Stored data
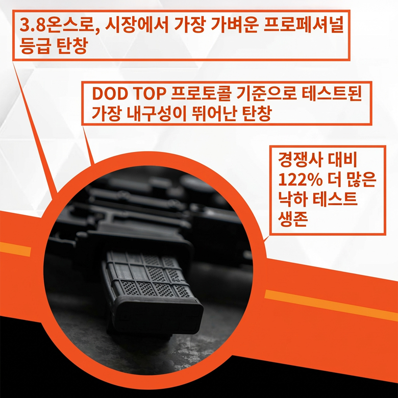 - 알루미늄 탄창 수준의 경량성 구현
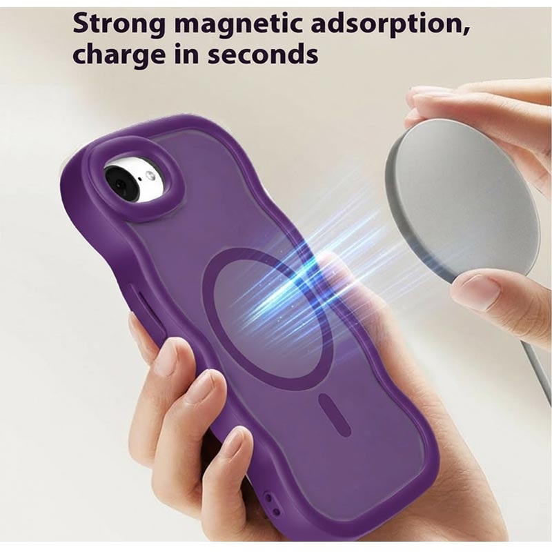 Custodia ibrida magnetica con bordo ondulato per iPhone 16e - Cover protettiva in TPU + PC compatibile con MagSafe
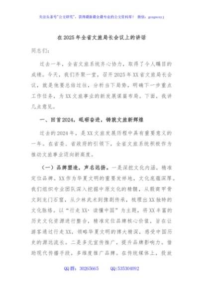 / 在2025年全省文旅局长会议上的讲话
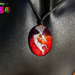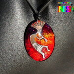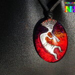 Le pendentif est en verre bombé coloré à la main grâce à un procédé de coloration mis au point par l'Atelier Nazca Spirit et breveté auprès de l'INPI (Institut National de la Protection Industriel) qui est un organisme gouvernemental protégeant les innovations techniques.

What needs to be done
Please print the listing above again word for word, without its pictures.

Solved problem
 - 알루미늄 탄창 수준의 경량성 구현
 Custodia ibrida magnetica con bordo ondulato per iPhone 16e - Cover protettiva in TPU + PC compatibile con MagSafe
 / 在2025年全省文旅局长会议上的讲话
 Le pendentif est en verre bombé coloré à la main grâce à un procédé de coloration mis au point par l'Atelier Nazca Spirit et breveté auprès de l'INPI (Institut National de la Protection Industriel) qui est un organisme gouvernemental protégeant les innovations techniques.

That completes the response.